Common challenges faced during ETL testing
ETL testing is one of the most demanding testing profile. ETL tester must have very good knowledge of database and also be very skillful to find out cleansing algorithm required to transform the data.
Below is the list of common challenges faced during ETL testing:
- Data Loss: Many times data gets lost due to improper file handling or storage while processing a number of raw files.
- Inaccurate Data: Due to insufficient cleansing process, sometimes data got corrupt and causes incorrect, incomplete or duplicate data.
- Lengthy and complex ETL for historical data: Data warehouse generally stores a large volume of old data. To test his historical data, ETL process becomes too complex and sometimes lengthy.

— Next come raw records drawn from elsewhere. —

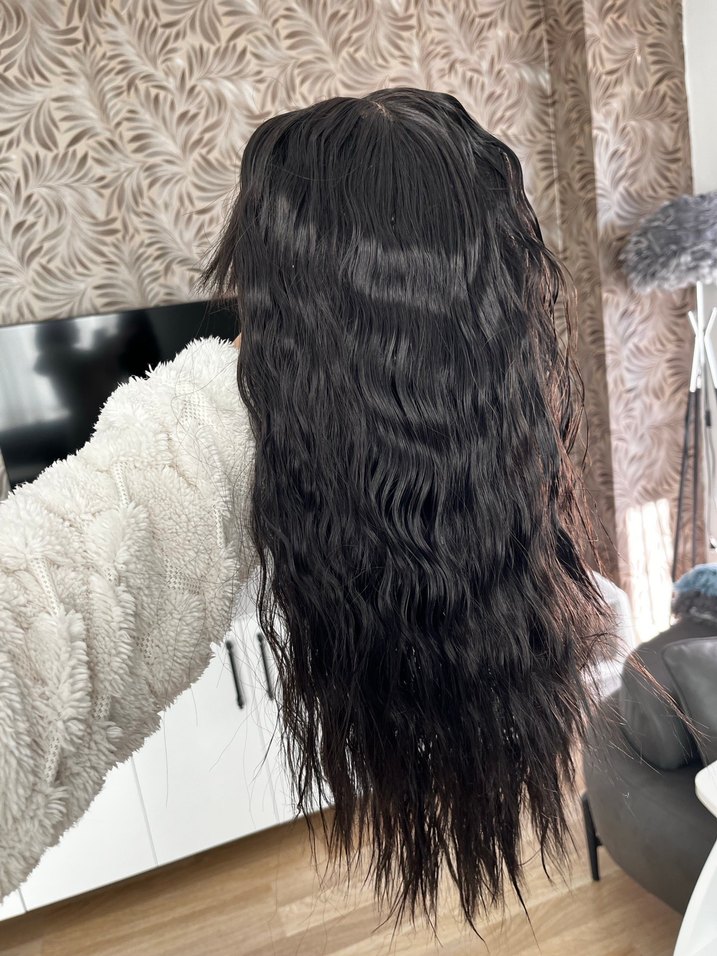 Bohem tarzda, kahverengi ve gri tonlarda, sentetik kumaştan yapılmış kürk detaylı saç ektir. Retro ve hippie havası katar.
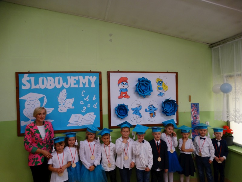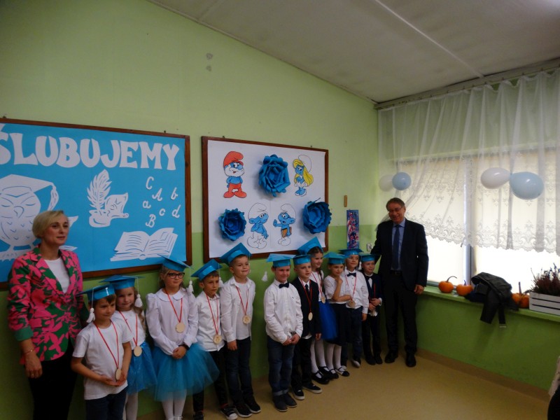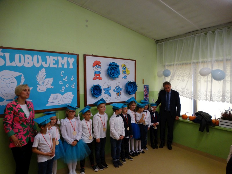 Dnia 31 października odbyła się w naszej szkole uroczystość Ślubowania i Pasowania na Ucznia Klasy Pierwszej. To bardzo ważne wydarzenie nie tylko dla najmłodszych, ale również dla ich rodziców. Zanim pierwszoklasiści zostali przyjęci do grona społeczności szkolnej musieli zaprezentować to, czego się już w szkole nauczyli. Pięknie, odświętnie ubrani, przejęci przystąpili do zaprezentowania swoich umiejętności. Dzieci pięknie śpiewały piosenki, recytowały wiersze i odpowiadały na szereg bardzo ważnych pytań. Wszystkich zebranych zachwycił również taniec w wykonaniu uczniów. Po zakończonej prezentacji rodzice i pan dyrektor zgodnie stwierdzili, iż wszystkie dzieci wspaniale zdały „egzamin pierwszoklasisty”.
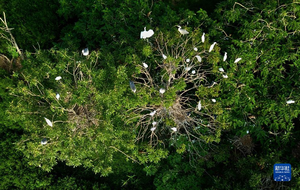 今年入夏以來,大量蒼鷺、白鷺等野生鳥類在山東省成武縣的文亭湖濕地內棲息。
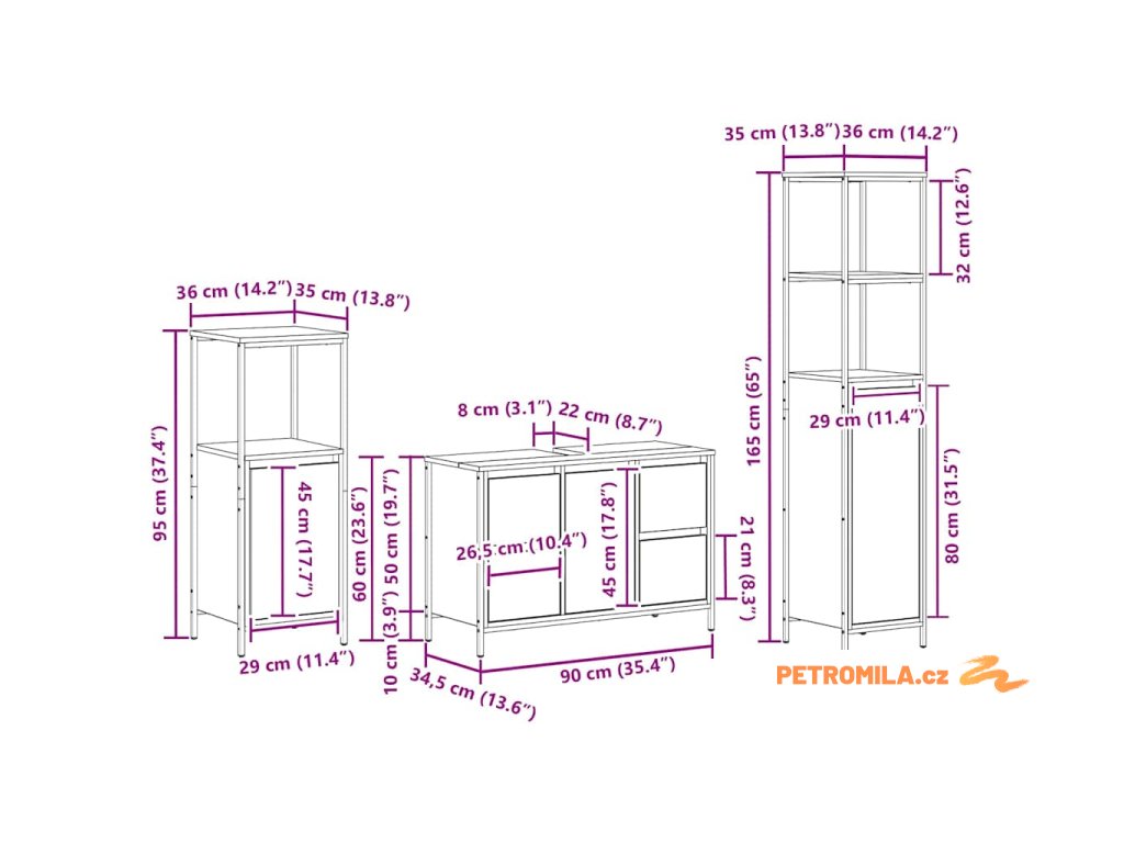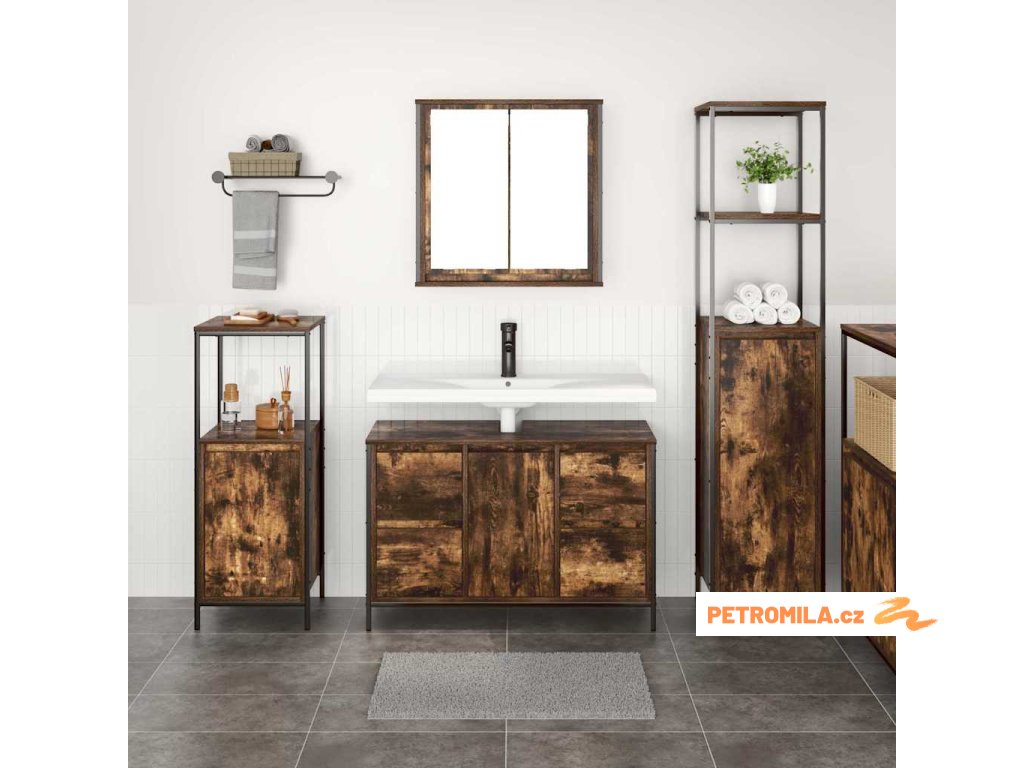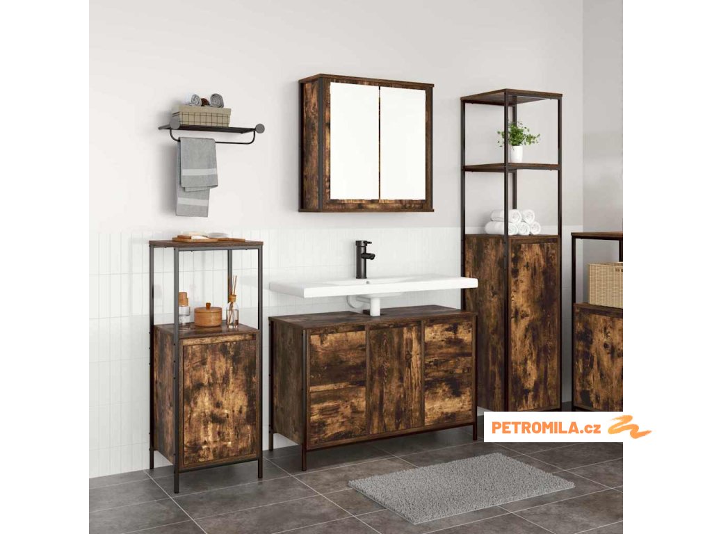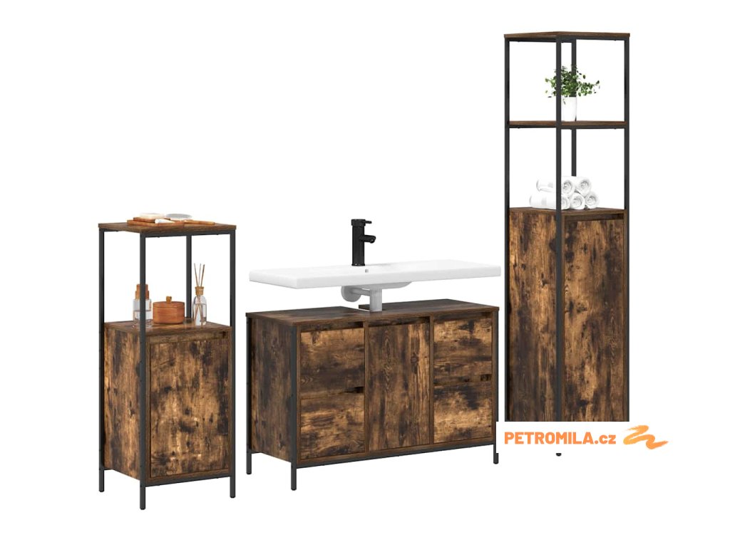 Sada koupelnového nábytku se zásuvkou 3 pcs Uzený dub a černá
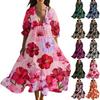 Women's Summer Fashion V-neck Retro Floral Print Short Sleeved Beach Dress With Lace Patchwork Dress
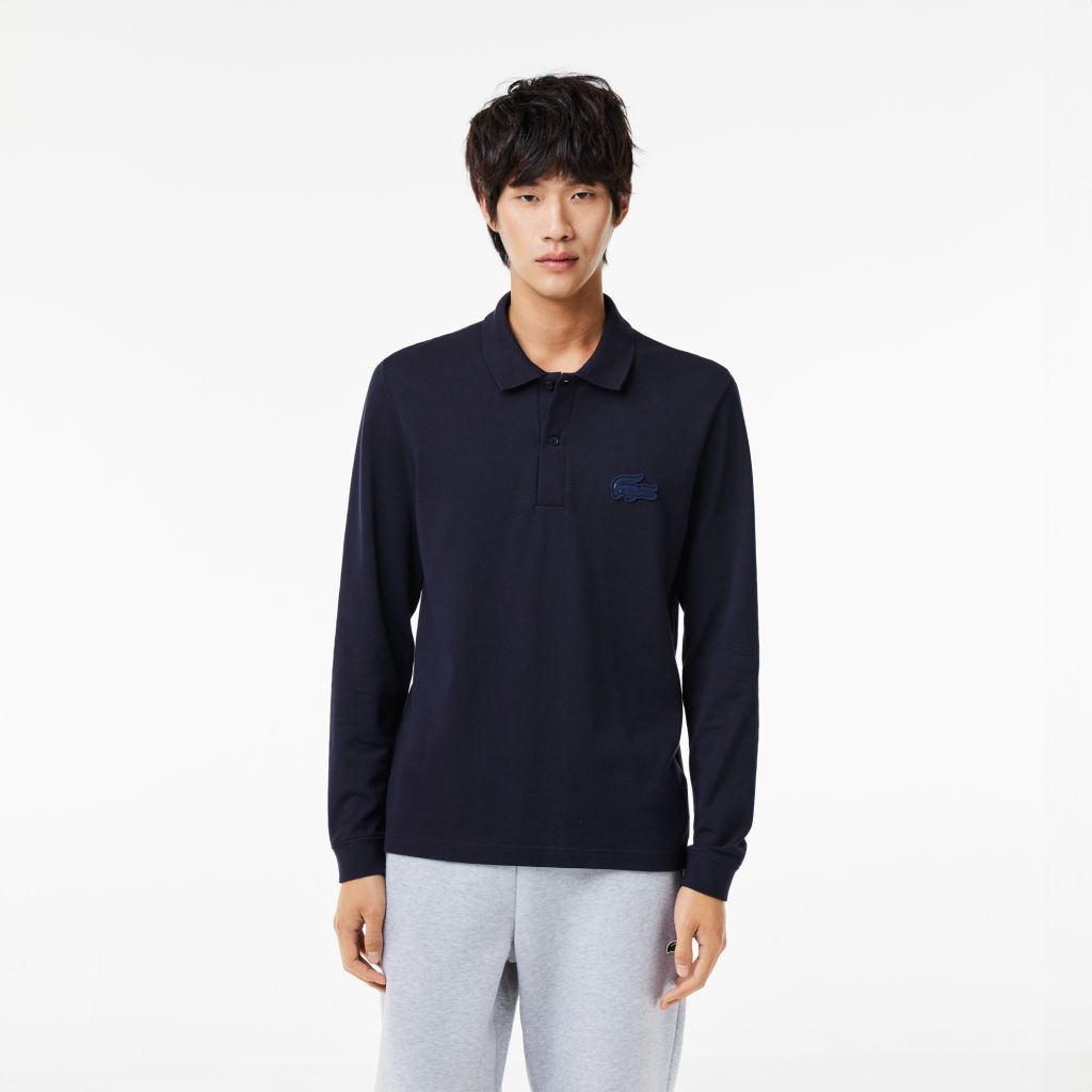 Воротник-поло на пуговицах;\Длинные рукава;\Хлопок piqué;\Большой крокодил в тон изделия на груди;\Логотип сзади\Материал: 100% хлопок
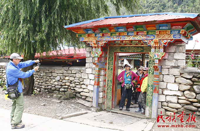 在珞巴族家门前留影纪念的游客络绎不绝(列来拉杜 摄影)
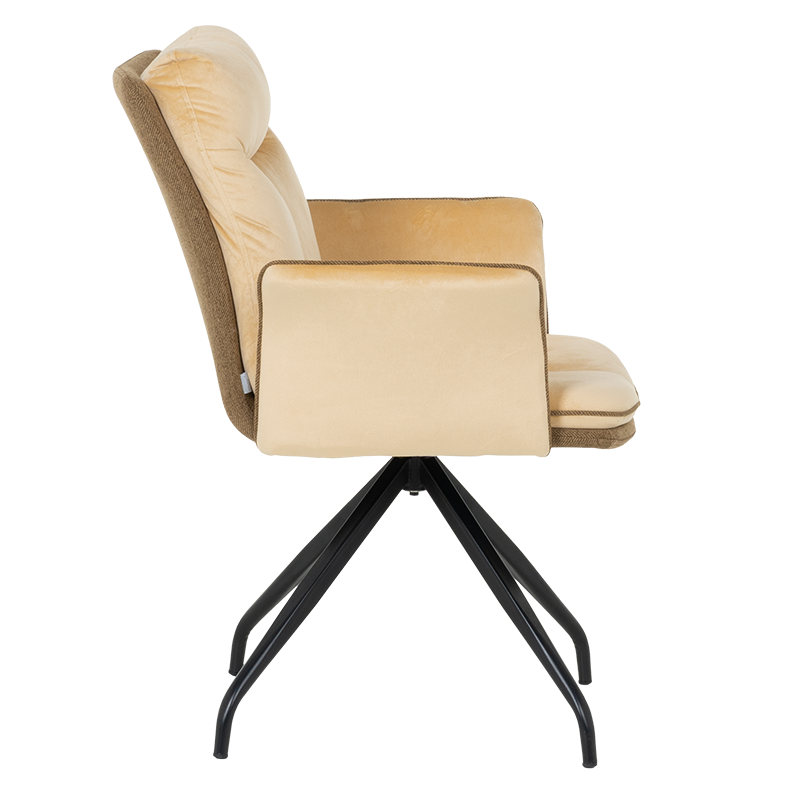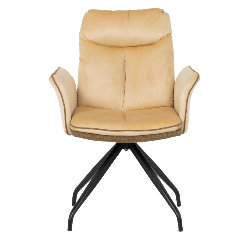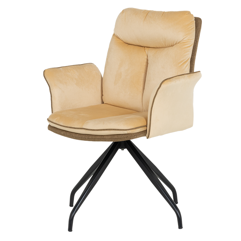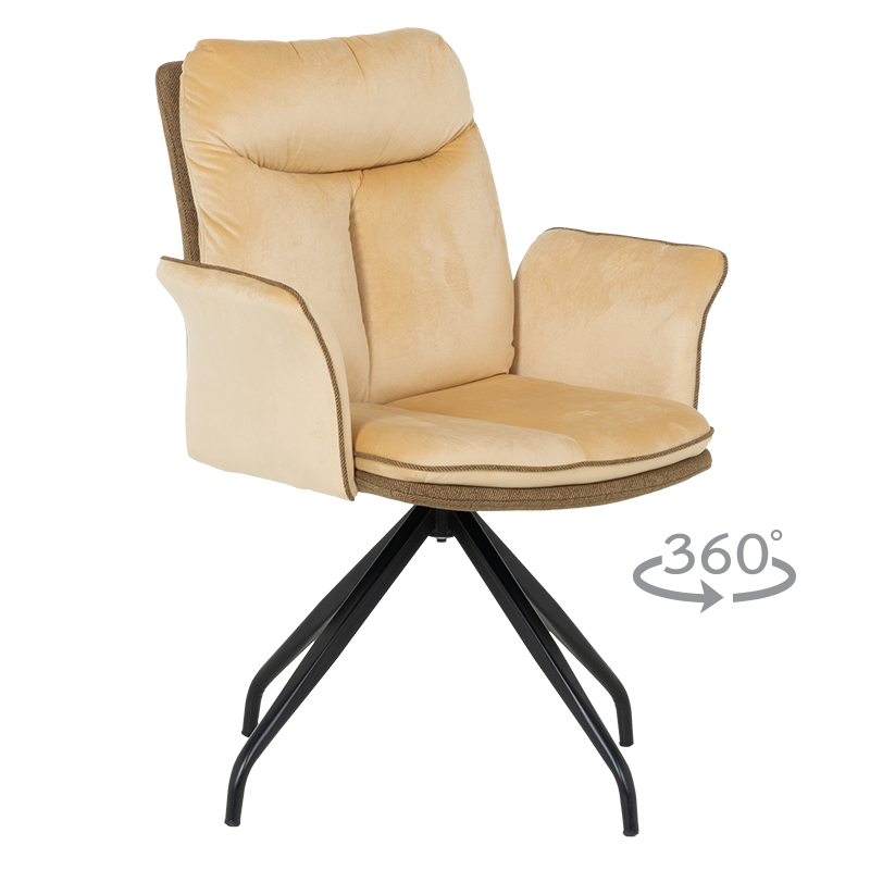 MARLOW 1 е трапезен стол с модерна визия. Той разполага с широки седалка и облегалка, тапицирани в мека дамаска, допълнени с възглавници за максимален комфорт. Подлакътниците повишават удобството на седящия. Основата е изработена от метал в елегантен кремав цвят и предлага иновативна функция за 360° въртене. Пълна информация за размерите и характеристиките на модела ще намерите в таблицата в таб/поле "Техническа информация".
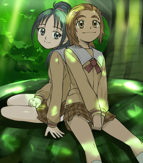 ebata risa, ozma lee, ranka lee, saotome alto, sheryl nome, vf-25, macross, macross frontier, absurdres, highres, scan, 00s, 2boys, 2girls, ahoge, gloves, mecha, multiple boys, multiple girls, robot, school uniform, serafuku
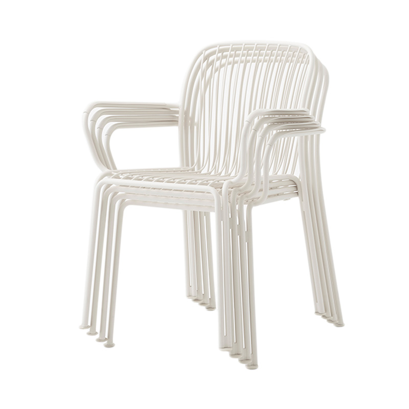 スタッキング可能なサイドチェアのスチールフレームと格子状の座面は、エレガントで用途の広いシリーズのシーンを演出しています。
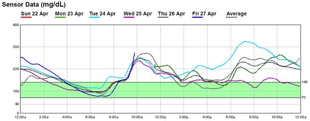 We started using CGMS way back in 2005. Initially it was only a research tool but gradually emerged as a routine in clinical diabetes care. A conventional glucometer used by a patient will provide 4-8 sugar readings per day and will require finger pricks for the same. In contrast, the Continuous Glucose Monitoring device will provide close to 300 readings in 24 hours and the device can be worn continuously over a period of 1 week to several weeks which will provide trends in blood glucose in the form of graphs. The major advantage of a CGM is its accuracy to graphically demonstrate the presence of dangerously low sugars during the time the patient is sleeping; a finding of significant clinical value since hypoglycaemia can predispose to arrhythmias and even acute coronary events.
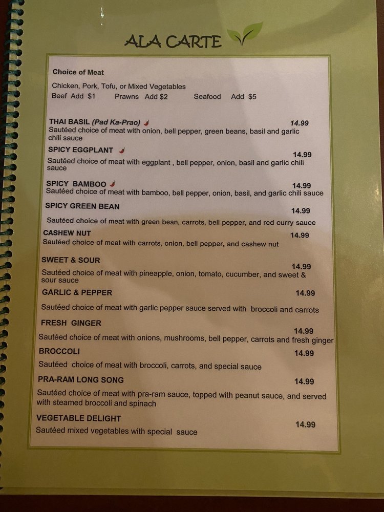 Sautéed choice of meat, with onion, bell pepper, bamboo shoot, basil and garlic chili sauce.
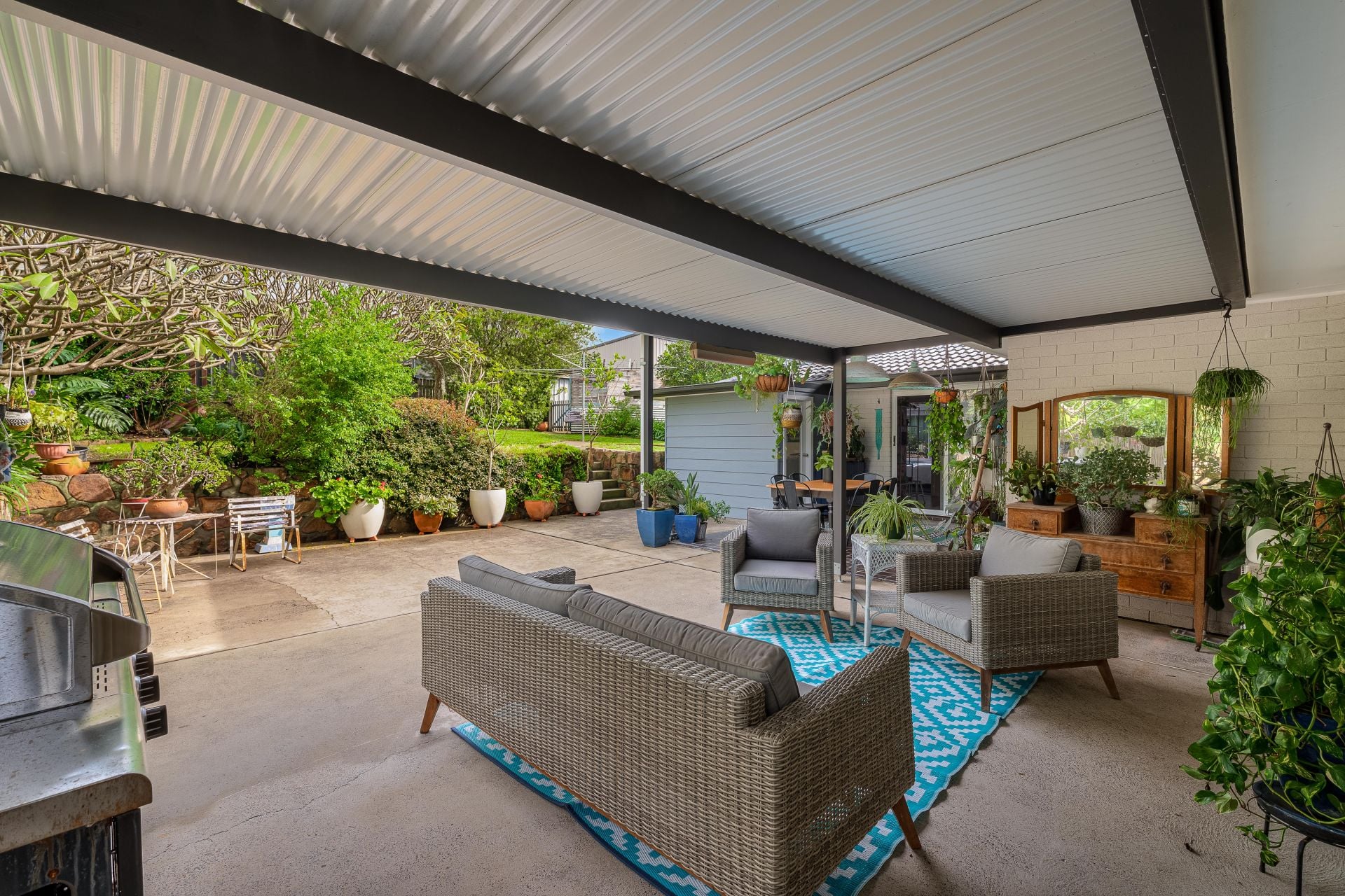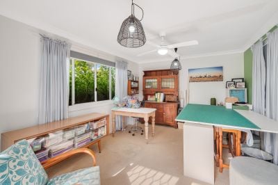 The use of colour and designer wallpaper imported from England adds flair throughout, while the layout delivers practicality featuring three robed bedrooms, two stylish bathrooms, and a spacious gas kitchen that anchors the home with ease. Outside, the lush backyard is a private wonderland curated by a green-thumbed gardener making it perfect for entertaining or letting kids roam. A separate 3.5m x 4.5m carpeted studio adds serious versatility for work, hobbies, or independent teens.
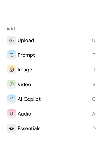 Plan each scene visually on a drag-and-drop canvas. Connect prompts, models, and edits to organize variations, reuse workflows, and manage your creative process. Collaborate seamlessly with your team while keeping everything structured.
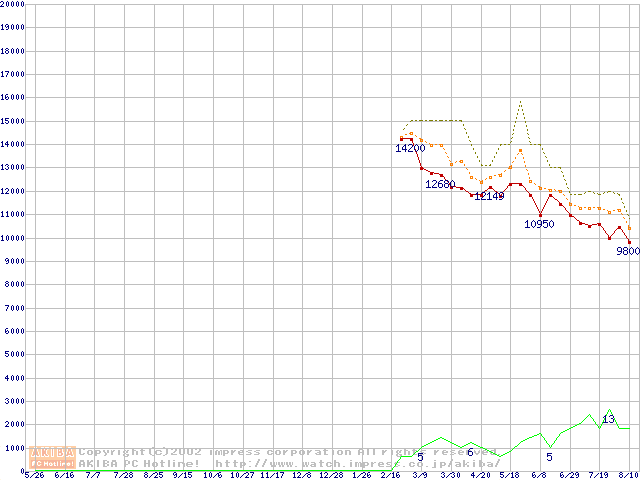 MHRシリーズ (9.5mm,4200rpm,UltraATA/100,2MB,20GB/プラッタ,流体軸受)の最安値推移

- Limited access to ETL jobs: Tester who is responsible for ETL testing don’t have access to ETL Jobs, that directly impact the BI report.
- Limited information on business requirement: ETL testers don’t have complete information related to required report and actual business rule for which ETL process is getting executed.
- Involvement of complex SQL concepts: ETL tester must have very good knowledge of SQL queries, which is used to validate data in the target system.
- Less information of Source-to-target mapping: In many cases, ETL tester doesn’t have complete information on source-to-target mapping.
There is nothing new to learning ETL testing. A manual tester can also become an ETL tester, the only thing is to learn is SQL, Database and Shell script.
A manual tester is very skillful in finding out the scenario if his skill merges with the concepts of Database and then a person can easily become an ETL tester. Future of ETL testing is very bright as it is base of Big data application!